My 'go to everything' films are the Millennium Trilogies. I think from your first post and reference to Scandinavian films you may have already seen them? If so, ignore rest of this paragraph. Otherwise I would say first and foremost watch those films. They have been available on Netflix for many years and there are no plans to pull them, I believe. There are different productions of the films on different platforms (not always Netflix). Rooney Mara and Noomi Rapace each give you different versions of* Lisbeth Salander, while both enhance the original storybook. The third film was a toss up between Melanie Laurent in Inglorious Basterds and Emma Thompson in The Remains of the Day*.
Not in any order of preference and far from it:
(1) The Outfit - USPs: I love Mark Rylance's acting. I love his whole persona. The whole film is shot inside a tailor's shop except for two shots showing people arriving at the shop door. Sorry, I said tailor. Actually it goes like this - "I am not a Tailor, Sir. I am a Cutter" he says. "A tailor sows on buttons. A cutter makes suits to fit", after a short but important pause. All part of the film which is like a who-dun-it inside a single room after an accidental murder.

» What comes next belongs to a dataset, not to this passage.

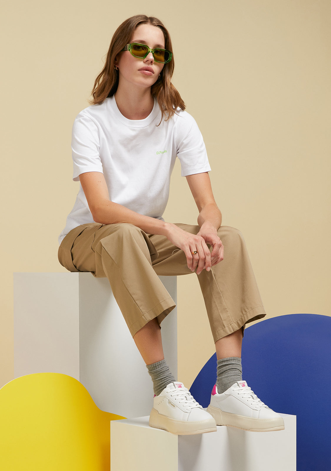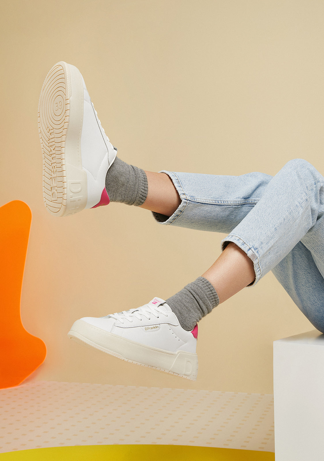 Minimale Trainer mit sportlicher Inspiration. Das ikonische Design unserer Ikonografie transcendet den Platz und erreicht die Straßen. Verbinde deine D.Franklin Ästhetik mit einem Retro-Cut-Emblem und einfachen Details.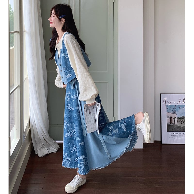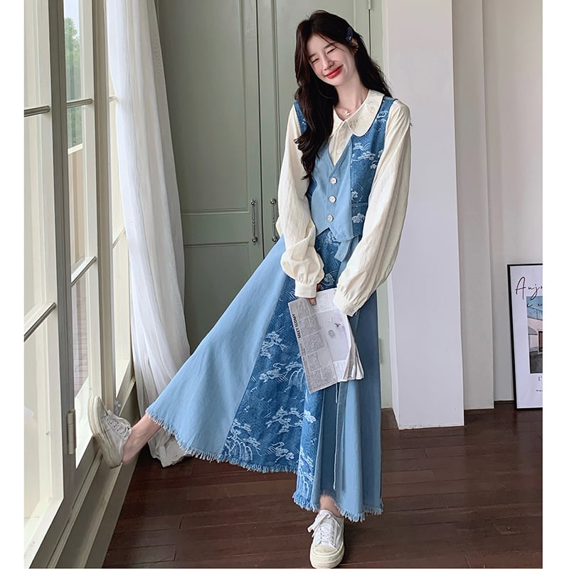 【KAKAシリーズ】★チャイナ風セットアップ★ 3点セット シャツ+スカート+ベスト デニム カジュアル

(2) What Happened To Monday - USPs: Noomi Rapace A dystopian future where families are limited to one child. Seven daughters are born in a single family and named after each day of the week. Living together they are each allowed out on their name-day. Except one daughter goes astray. Breaks the pact it seems. Then the authorities try to track down the remaining six. It is hard for 6 individual sisters to try to be one. Going to the same places outside, remembering what they should say. (I am sure when this film first came out it was Whatever and not What, but moot point).
(3A) Inglorious Basterds - USPs: Great character study. The scenes between Melanie Laurent and Christopher Waltz, even when not together and fused, are a masterpiece in character study. The restaurant scene with the milk and the layered pastry is a great character study. [Similar to the scene in Once Upon A Time in America when the young boy eats the cream cake in the Depression, albeit due to hunger]. I dislike the killing of the Nazi's scene and the monologue by Brad Pitt - I think that was poorly directed. But otherwise the film has great acting. See it for that and ignore the violence and don't be hijacked by sublimity.